The task: Could you copy exactly the lines below from the one with "Zucchero, distillato Strega" to the one with "商品詳細 ■サイズ:幅27.5〜53.5cm×奥行2.3〜54.5cm×高さ25cm ■素材", inclusive, leaving out any pictures?

(Source records)
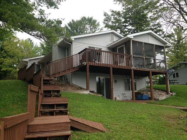 $186,000 sales price inc Outlot A across Rd SECORD LAKE WATERFRONT HOME that offers more! Year round home since built in 1994, 1380 sq ft each level, Master bedr and TV room/den & 1 full bath on main plus laundry. Kitchen-Dining updated 2012 w/Hardwood floors & granite counter tops. Custom Amish built cabinets. Gas Log Fireplace & screened in sun porch overlooking your 86' sandy frontage. Wood decking walkways & permanent dock. walkout lower level has large family room, addn'l large bedroom, large bath, cedar lined WI storage closet and 16x32 all purpose storage/mechanical room with small 2nd kitchen, office area, hobby CRAFT area/GREAT ALL PURPOSE ROOM!
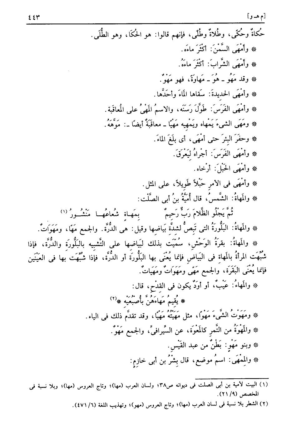 والمَهاةُ: الشَّمْس، قَالَ أُميَّة بن أبي الصَّلْت:
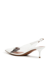 55mm slingback pumps Alaia's penchant for bold accessory silhouettes is channelled by these slingback pumps, made in Italy from smooth calf leather and elevated by a transparent upper. Highlights - Optical white - Calf leather - Pointed toe - Transparent design - Buckle-fastening slingback strap - High stiletto heel Made in Italy Composition Outer: Calf Leather 100% SIZE & FIT Measurement HEEL 2.16 in(5.5 cm)
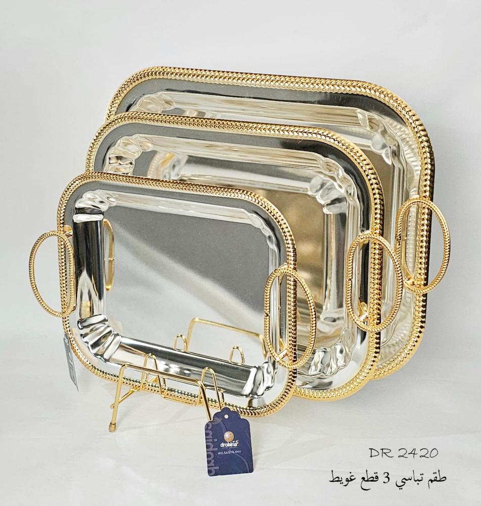 أضف لمسة من الأناقة والفخامة إلى مناسباتك مع طقم تباسي التقديم الفضي بالذهبي المكون من 3 قطع. بتصميمه الراقي ولمعانه الساحر، يجمع هذا الطقم بين الجمال العملي والتفاصيل المذهلة ليكون الاختيار المثالي لتقديم الشاي والقهوة والحلويات، المكسرات، والضيافة الفاخرة.
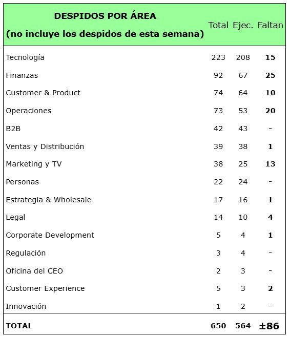 La siguiente tabla refleja la distribución de los despidos por áreas de la compañía efectuados en 2024 o “agendados” para realizarse en 2025; no incluye, por tanto, los despidos de estos últimos días. Son datos extraídos de la documentación que la Audiencia Nacional obligó a la Dirección a remitir a CCOO por la demanda presentada:
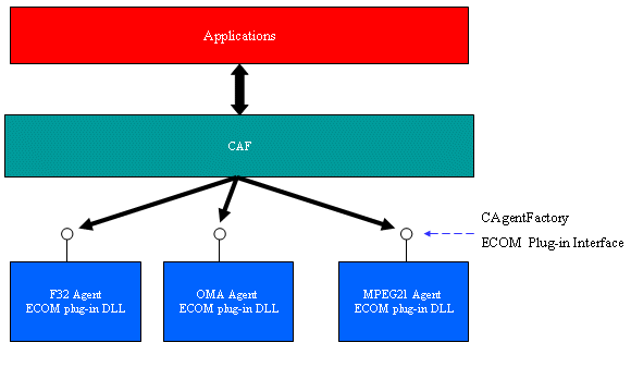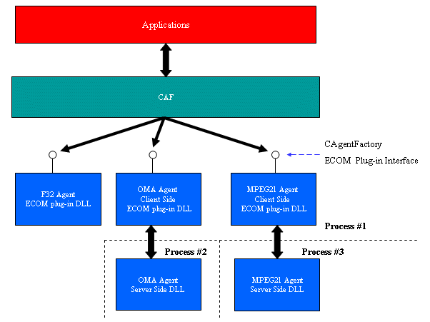 The following diagram illustrates the implementation of CAF with two fictitious agents (OMA and MPEG).
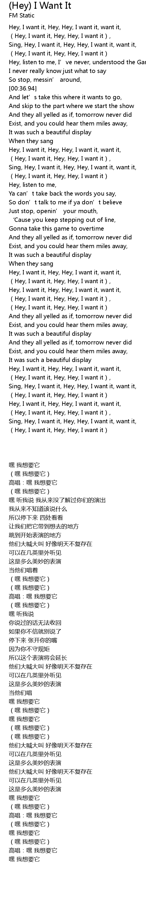 | [02:44.36] | (Hey, I want it, Hey, Hey, I want it), |
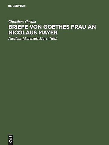 Briefe von Goethes Frau an Nicolaus Mayer – Mit Einleitung, Facsimiles, einer Lebensskizze Nikolaus Mayers und Porträts
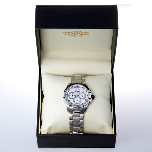 时光一百 时尚简约闪钻真皮石英男表W80097G
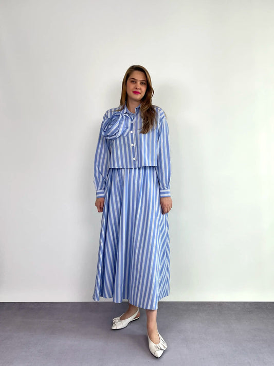 MAVİ ÇİZGİLİ GÜL DETAYLI ETEK TAKIM
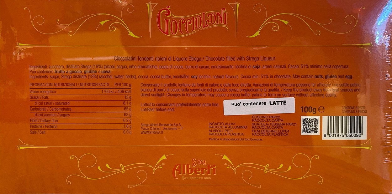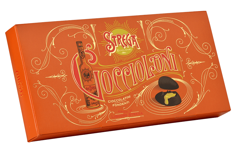 Zucchero, distillato Strega (18%) ( alcool, acqua, erbe aromatiche), pasta di cacao, burro di cacao, emulsionante: lecitina di soja, aromi naturali. Cacao: 51% minimo nella copertura. Può contenere frutta a guscio, glutine, latte e uova.
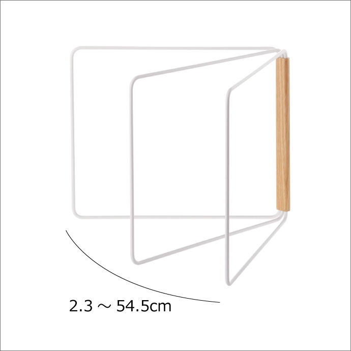 商品詳細 ■サイズ:幅27.5〜53.5cm×奥行2.3〜54.5cm×高さ25cm ■素材 本体:スチール(ユニクロメッキ+粉体塗装) 木棒:天然木 スタッフコメント もう布巾ハンガーの置き場に困りません。
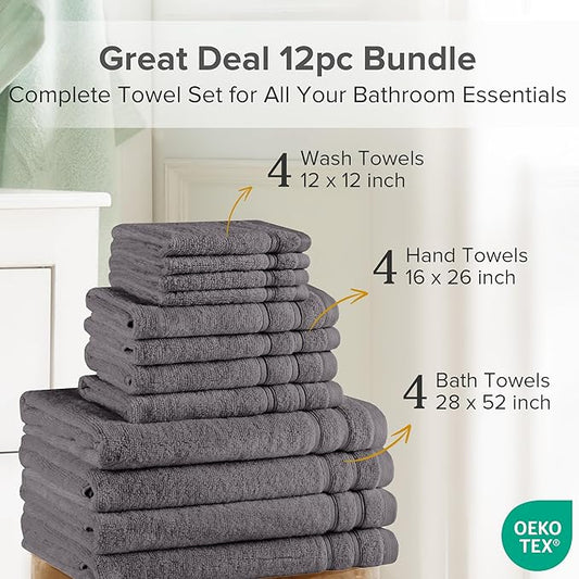 100% Cotton Bath Towel Set of 12-4 Bath Towels, 4 Hand Towels, 4 Wash Cloths, Sustainable, Soft, Highly Absorbent, Combed Cotton 12 Piece Set for Hotels, Spa, Bathroom, Dorm, Grey
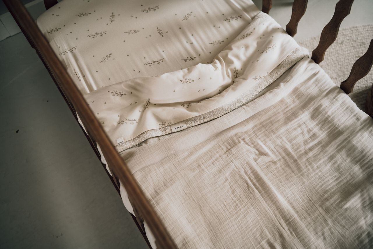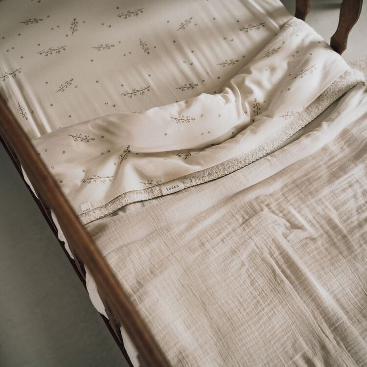 Met het Koeka hoeslaken maak je het plaatje van je kinderbed compleet. Het mooie crispy katoen is heel comfortabel voor je kleintje en zorgt voor een luxueuze uitstraling in je kinderkamer. Door de hoge kwaliteit van de stof kan je het hoeslaken eindeloos wassen. Het hoeslaken spant zich gemakkelijk strak rondom het matrasje door het elastiek aan de onderzijde.
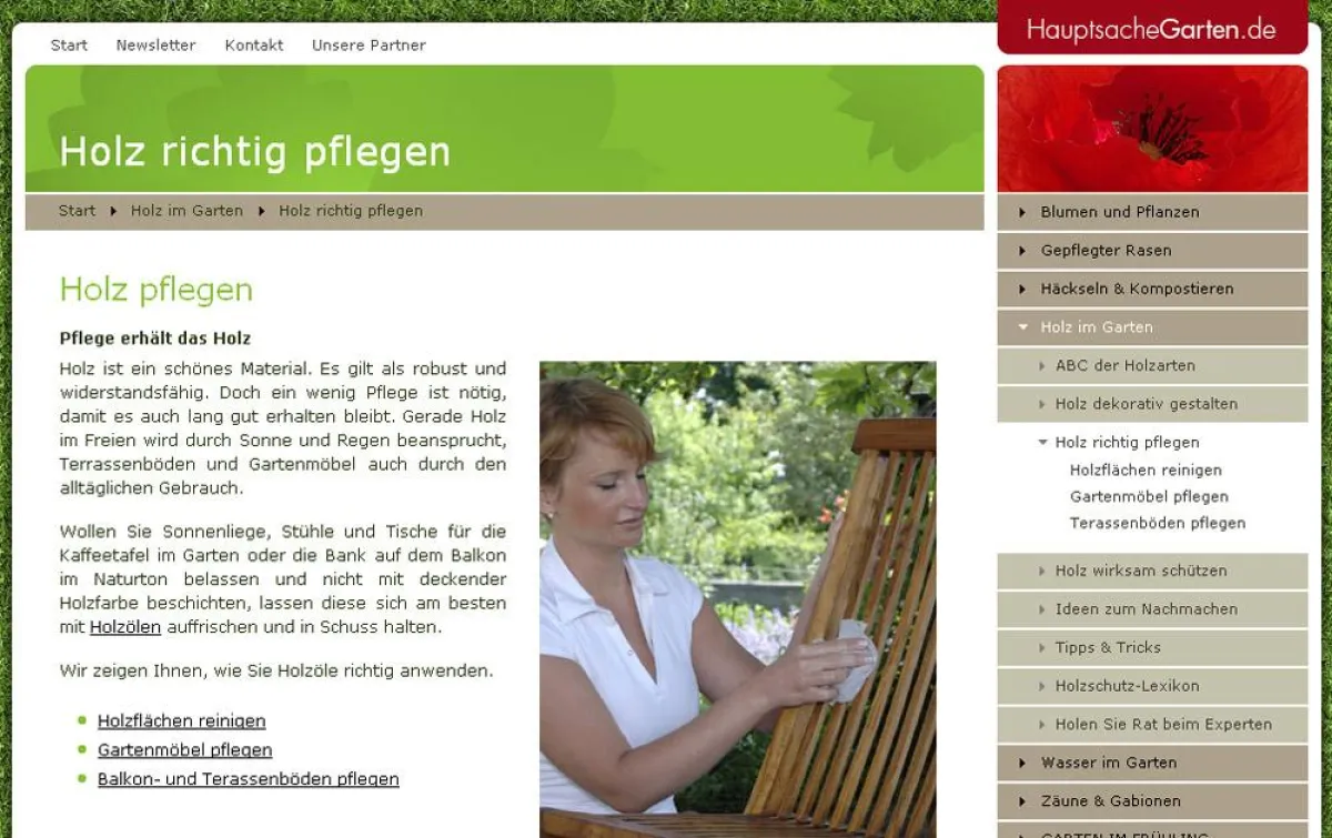(openPR) Vermoostes und vergrautes Holz muss nicht sein. Wer den Sommer im Freien richtig genießen möchte, sollte jetzt seine Gartenmöbel in Schuss bringen. Wie sie Ihre Stühle, Tische und Bänke vom tristen Wintergrau befreien, erfahren Balkonbesitzer und Gartenfreunde im neuen Gartenportal HauptsacheGarten.de. Mit vielen wertvollen Tipps und Schritt-für-Schritt-Anleitungen zum Herunterladen wird das Aufmöbeln von Tischen, Stühlen und Bänken zum Kinderspiel. Weitere Informationen finden Sie im Internet unter www.HauptsacheGarten.de/Holz_richtig_pflegen.
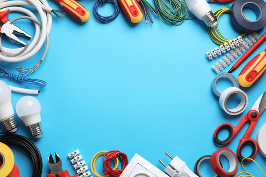 Frame of electrician's tools and accessories on light blue background, flat lay. Space for text
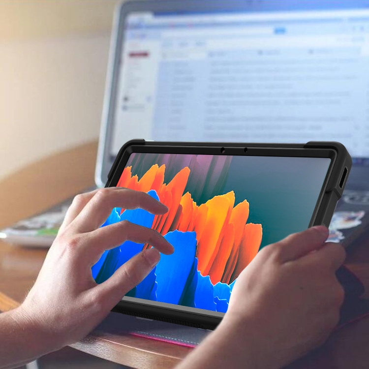 Funda Protectora para Tablet Samsung Galaxy Tab S8 y Tab S7 Silicone + PC a Prueba de Golpes con Soporte (Negro)
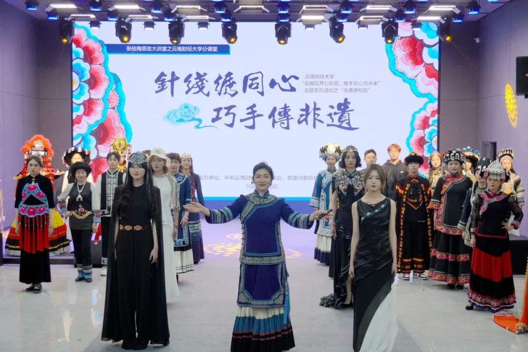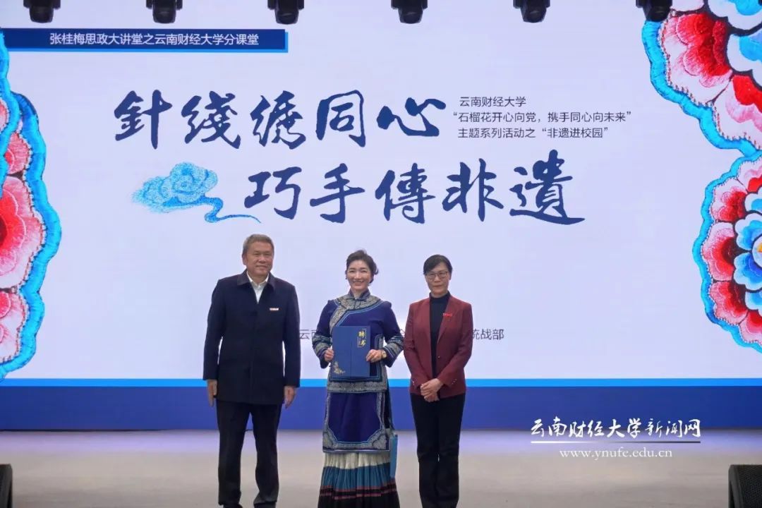 为铸牢中华民族共同体意识,弘扬中华优秀传统文化,推进非物质文化遗产进校园,让文化遗产“活”起来,3月8日下午,由十大买球官方网站与楚雄州委统战部联合主办的“石榴花开心向党,携手同心向未来”主题系列活动之“非遗进校园”活动暨张桂梅思政大讲堂云财分课堂在龙泉路校区云彩“一站式”学生中心举行。
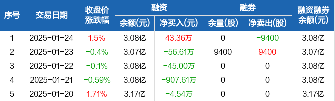 东信和平:融资净买入43.36万元,融资余额3.08亿元(01-24)

Worked solution:
 Zucchero, distillato Strega (18%) ( alcool, acqua, erbe aromatiche), pasta di cacao, burro di cacao, emulsionante: lecitina di soja, aromi naturali. Cacao: 51% minimo nella copertura. Può contenere frutta a guscio, glutine, latte e uova.
 商品詳細 ■サイズ:幅27.5〜53.5cm×奥行2.3〜54.5cm×高さ25cm ■素材 本体:スチール(ユニクロメッキ+粉体塗装) 木棒:天然木 スタッフコメント もう布巾ハンガーの置き場に困りません。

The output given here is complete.